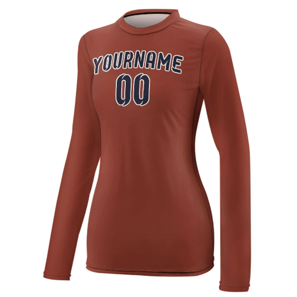 Custom Coral Red Navy Women's Long-Sleeve Shirt
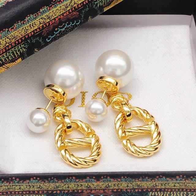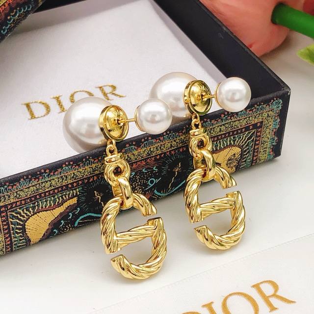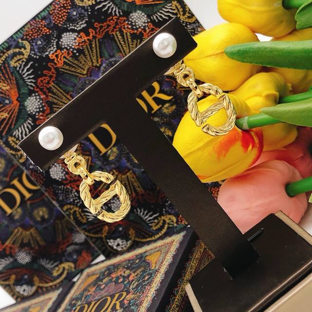Cd Navy Earrings Classic And Minimalist.Crafted With Goldfish-Inspired Metal Detailing, The Twisted Pattern Reinterprets The Cd Initials, Elevating The Design. Create A Fashionable Look.
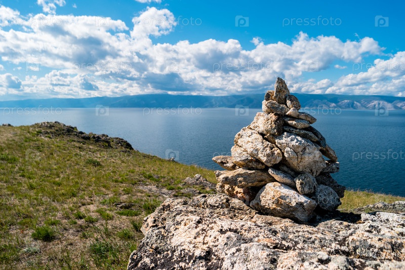 Туристическая пирамида из камней на фоне озера Байкал. Остров Ольхон, Россия
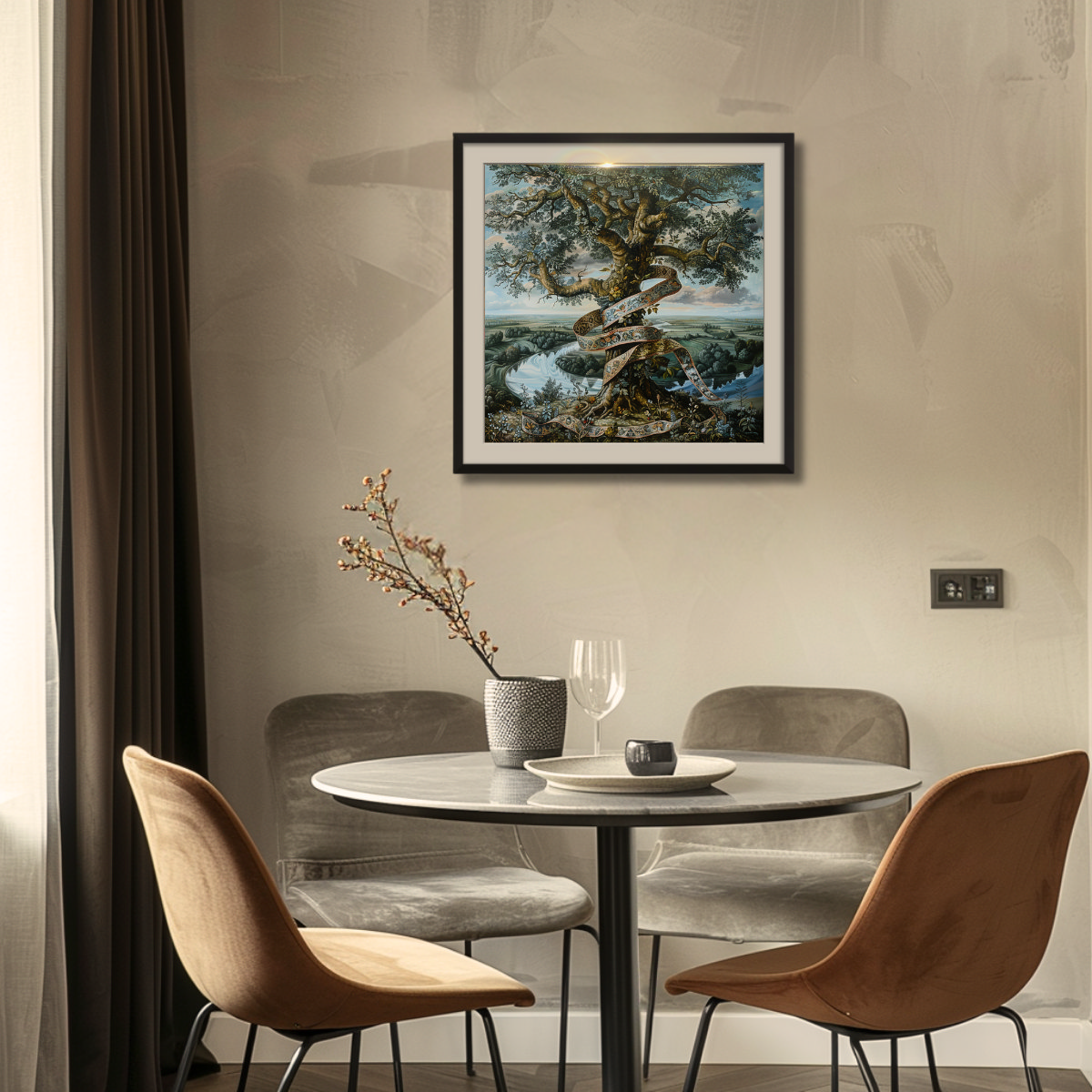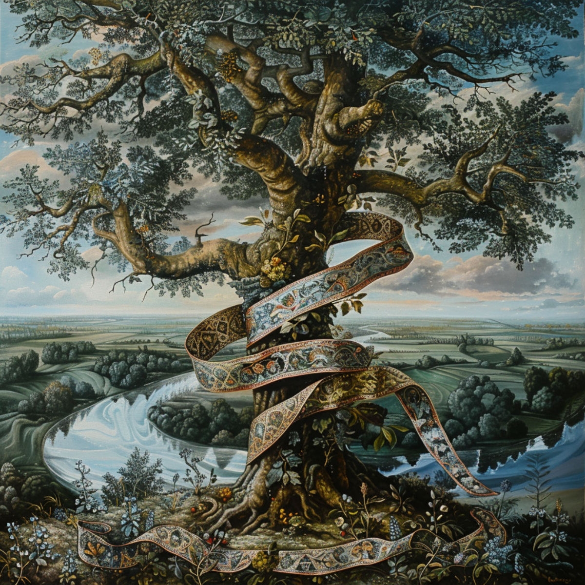This painting showcases a stylized oak tree, wrapped in a decorative ribbon with complex patterns. The detailed bark and lush foliage, contrasted with the elegant ribbon, represent the intricate relationship between health and nature. The oak tree stands as a symbol of strength and endurance, while the ribbon signifies the ongoing care and support vital for managing rheumatologic conditions. The combination of these elements aims to convey the depth and resilience found in both nature and human health.
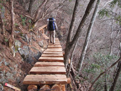 日向谷ノ頭、坊主山、七跳山、大栗山、天目山と続く峰の南側1550m付近を、ほぼ水平に登山道が出来ていて右手石尾根の後方に富士山を眺めながらの快適な歩きが出来る。所々で切れ落ちた沢には桟道が整備されていて安心して歩ける。七跳尾根の分岐点で小休止後、大栗山の山腹を通過してハナド岩で再び小休止、石尾根方面の展望が良い。
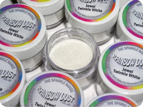 Rainbow Dust Colorant Alimentaire Briller Scintiller Glitter Pour Décoration de Gâteau - JEWEL SCINTILLENT BLANC?Les couleurs sont éclatantes Jewel et lumineux! Ils sont très réfléchissante et brillent de la même couleur partout. Par exemple, une couleur bleue serait scintillent avec des reflets bleus.
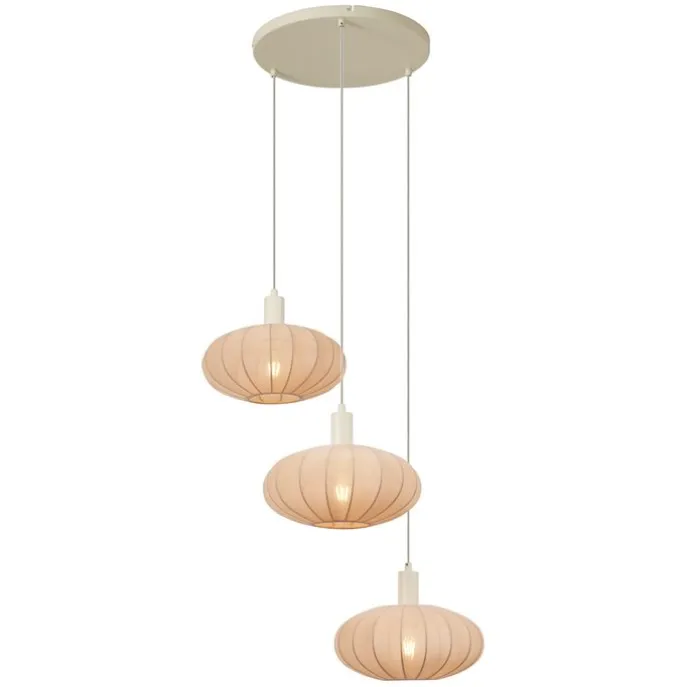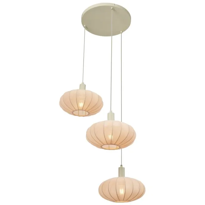 Japandi hanglamp beige met stoffen kap 3-lichts – Bida
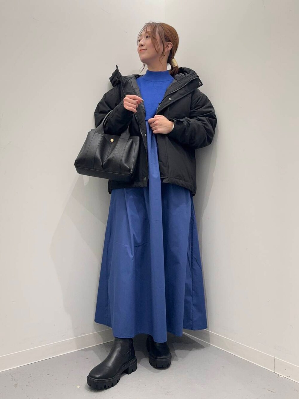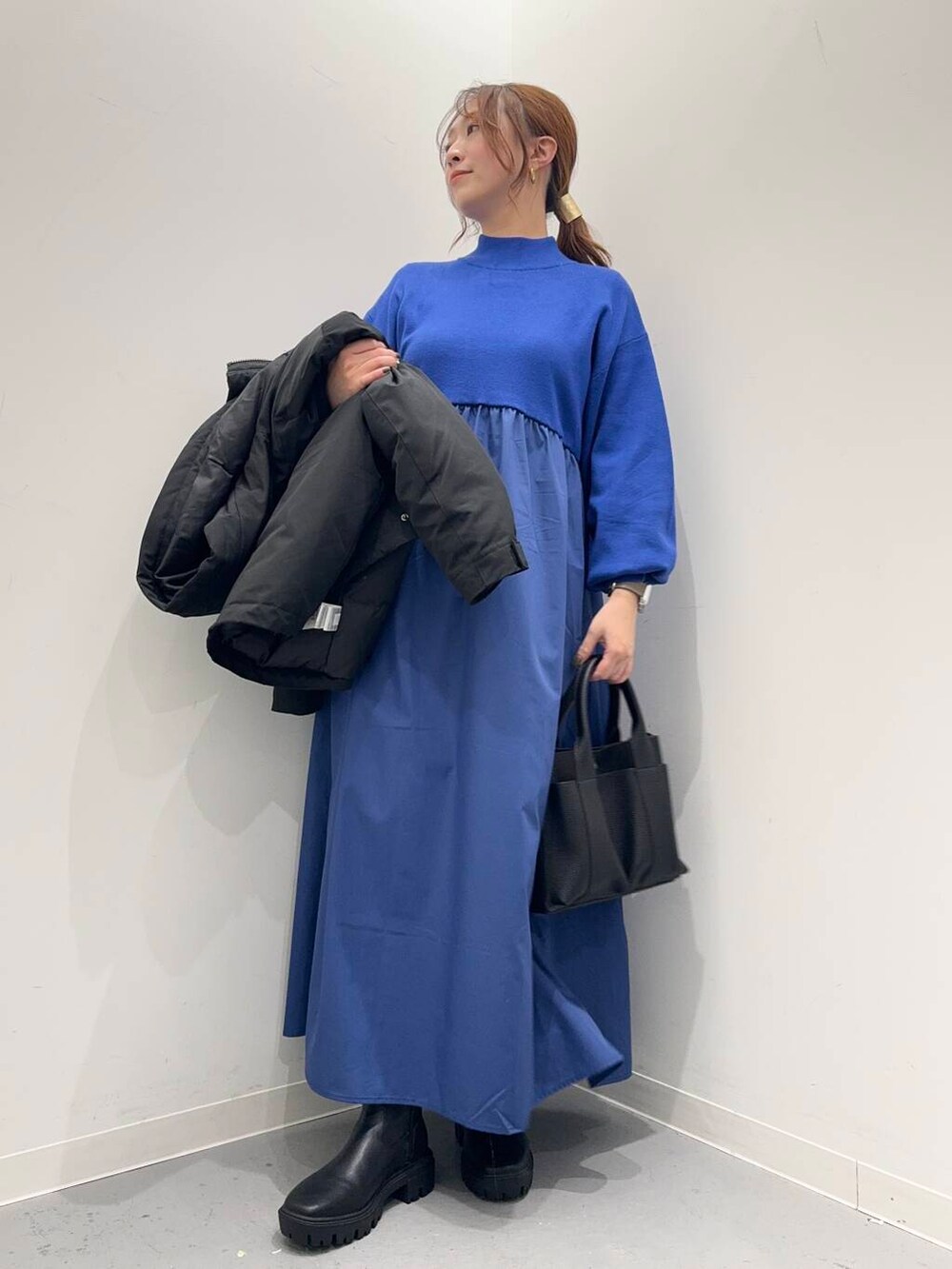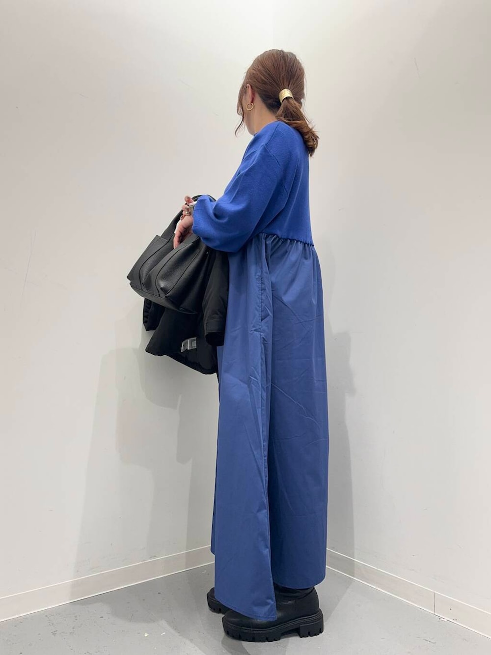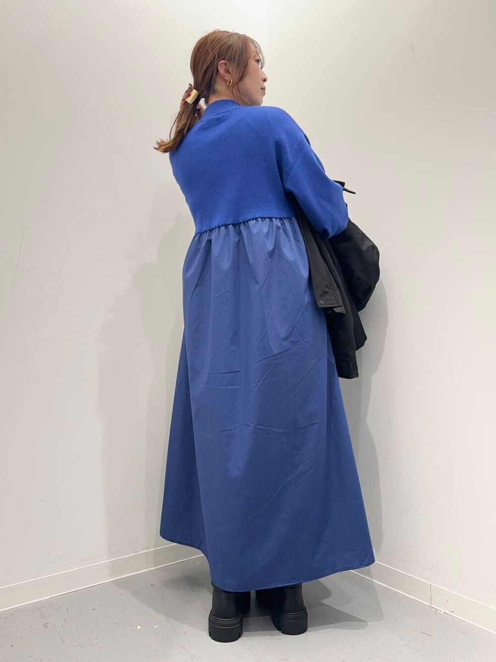ワンピースは異素材のドッキングデザインで、

Exercise details |
Word for word, restate the lines from the line containing "Japandi hanglamp beige" through the end of the data, including the first and last of them. Pictures stay out.

Answer to the problem |
 Japandi hanglamp beige met stoffen kap 3-lichts – Bida
ワンピースは異素材のドッキングデザインで、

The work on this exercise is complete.